Data for review:
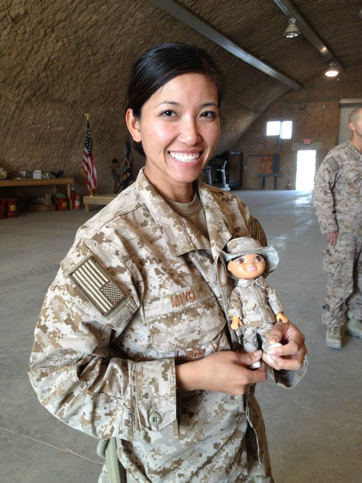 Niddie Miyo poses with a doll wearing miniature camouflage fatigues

==

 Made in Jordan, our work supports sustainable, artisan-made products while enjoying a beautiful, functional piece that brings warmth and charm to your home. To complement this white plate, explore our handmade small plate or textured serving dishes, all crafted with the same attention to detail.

* * *

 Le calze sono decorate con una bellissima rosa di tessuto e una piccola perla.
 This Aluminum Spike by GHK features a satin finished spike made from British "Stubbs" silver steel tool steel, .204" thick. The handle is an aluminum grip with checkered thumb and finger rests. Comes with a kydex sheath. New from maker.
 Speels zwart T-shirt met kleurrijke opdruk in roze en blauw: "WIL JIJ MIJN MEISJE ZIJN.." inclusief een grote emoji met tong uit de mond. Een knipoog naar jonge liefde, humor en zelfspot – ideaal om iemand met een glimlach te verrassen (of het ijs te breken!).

What is required: Going back over the entries above, copy word for word every line from the one that has "This Aluminum Spike" on through the one that has "Speels zwart T-shirt".

Task solution:
 This Aluminum Spike by GHK features a satin finished spike made from British "Stubbs" silver steel tool steel, .204" thick. The handle is an aluminum grip with checkered thumb and finger rests. Comes with a kydex sheath. New from maker.
 Speels zwart T-shirt met kleurrijke opdruk in roze en blauw: "WIL JIJ MIJN MEISJE ZIJN.." inclusief een grote emoji met tong uit de mond. Een knipoog naar jonge liefde, humor en zelfspot – ideaal om iemand met een glimlach te verrassen (of het ijs te breken!).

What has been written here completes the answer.